HF rotates exact CDN hostnames every few months as they migrate from LFS to XET. The wildcards (*.huggingface.co, *.hf.co) catch most rotations; the explicit entries are belt-and-suspenders for browsers that prefer narrow matches.

Why jsDelivr is needed twice

@huggingface/transformers lazy-loads the onnxruntime-web WASM-loader shim from jsDelivr at backend selection time. There are two separate fetches with different CSP semantics:

import('https://cdn.jsdelivr.net/.../ort-wasm-simd-threaded.asyncify.mjs') — dynamic ESM import → routed through script-src.
fetch('https://cdn.jsdelivr.net/.../ort-wasm-simd-threaded.asyncify.wasm') — pre-load of the WASM binary → routed through connect-src.

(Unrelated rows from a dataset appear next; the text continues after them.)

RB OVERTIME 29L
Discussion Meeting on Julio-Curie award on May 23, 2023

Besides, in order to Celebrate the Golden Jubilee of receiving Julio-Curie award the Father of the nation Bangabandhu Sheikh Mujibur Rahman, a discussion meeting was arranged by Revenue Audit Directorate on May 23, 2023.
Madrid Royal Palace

Allowlisting only one of the two looks like the same identical error message ("no available backend found / Failed to fetch dynamically imported module") because the second failure is masked behind the first. Both directives have to include cdn.jsdelivr.net.

Why `blob:` is needed

After successfully fetching the loader .mjs from jsDelivr, onnxruntime-web wraps it in URL.createObjectURL(new Blob([...])) and instantiates the result as a multi-threaded Web Worker. The blob: URL scheme is treated as its own CSP source by browsers — neither 'self' nor https://cdn.jsdelivr.net matches it. Adding blob: to script-src allowlists workers spawned from blob URLs scoped to our document origin (you cannot URL.createObjectURL a Blob from another origin, so this does not loosen remote-script protection).

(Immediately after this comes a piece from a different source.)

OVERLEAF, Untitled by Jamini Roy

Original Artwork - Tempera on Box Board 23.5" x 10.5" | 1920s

Vite cache gotcha — keep CSP additions in `hooks.server.ts`

When changing CSP additions, always edit them directly in apps/mana/apps/web/src/hooks.server.ts, not in packages/shared-utils/src/security-headers.ts. The shared-utils file holds the default CSP that applies to every Mana web app, but adding to it from a workspace package boundary triggers a Vite SSR module-cache pitfall:

hooks.server.ts is in the SvelteKit app's own source tree → Vite hot-reloads it on every file change. CSP additions made here take effect immediately.
packages/shared-utils/src/security-headers.ts is imported as @mana/shared-utils/security-headers from a different workspace package → Vite's SSR module cache holds the OLD compiled version even after a source edit. The dev server has to be restarted (or apps/mana/apps/web/node_modules/.vite deleted) before the change takes effect.

Diagnostic: if you add a CSP entry and the next browser console error still shows the old CSP without your addition, you got bitten by this. The fix is to move the addition into hooks.server.ts via setSecurityHeaders(response, { scriptSrc: [...], connectSrc: [...] }).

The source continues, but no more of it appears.